There is a random variable $B$ (a box) and a particular value it takes $r$ (red color). In Bishop's Pattern recognition and machine learning textbook, he said in p. 14:
Instead, we may simply write $p(B)$ to denote a distribution over the random variable $B$, or $p(r)$ to denote the distribution evaluated for the particular value $r$...
And then he goes on to say for r.v.s $X$ and $Y$.
...the quantity $p(Y |X)$ is a conditional probability and is verbalized as "the probability of $Y$ given $X$"
Here are my questions:
- What exactly does "a distribution over the random variable $B$" mean? Does this distribution mean some mapping of values that r.v. can take to probability values? I usually think about distribution in terms of PDF or CDF. I think $p(r)$ is the density (or PMF in discrete r.v. case).
- How can we condition on a random variable $X$? My understanding is that we can only condition on events. Does $p(Y |X)$ mean conditional distribution of $Y$ given $X$ taking some value which is not specified?
$p(B)$ represent the probability mass functions of random variable $B$ at arbitrary values.

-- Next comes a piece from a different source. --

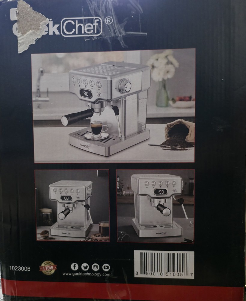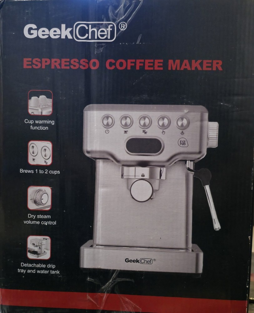 The Professional Espresso Machine by Geek Chef is a high-pressure 20 bar pump that quickly heats up in 25-45 seconds, making it ideal for coffee enthusiasts who enjoy espresso, macchiato, and cappuccinos. With a sleek stainless steel finish and a compact design, this machine is perfect for home use and includes convenient features like a steam wand, auto shut-off, and a built-in water filter. The machine is programmable, easy to clean, and comes with a 1-year manufacturer warranty, making it a reliable choice for those who appreciate a quality cup of coffee.

It is a terribly lazy (but unfortunately common) shorthand used when authors are more interested in showing the dependencies between random variables rather than any particular evaluations.
$p(r)$ demonstrates why this is a horribly confusing idea, as the "probability mass function of value $r$", is meaningless unless it is implicitly clear what is the random variable being discussed.
More properly we should write something like $p_{\small B}(r)$ to indicate the probability mass function of random variable $B$ evaluated at $r$. In this case that is $\mathsf P(B=r)$; the probability for the event of the box being red.
Again, the this appears to be an abbreviation for $p_{\lower{0.5ex}{\small Y\mid X}}(y\mid x)$, or $\mathsf P(Y=y\mid X=x)$, where $x,y$ are arbitrary arguments.
The occurrence of $X$ realising a particular value is an event.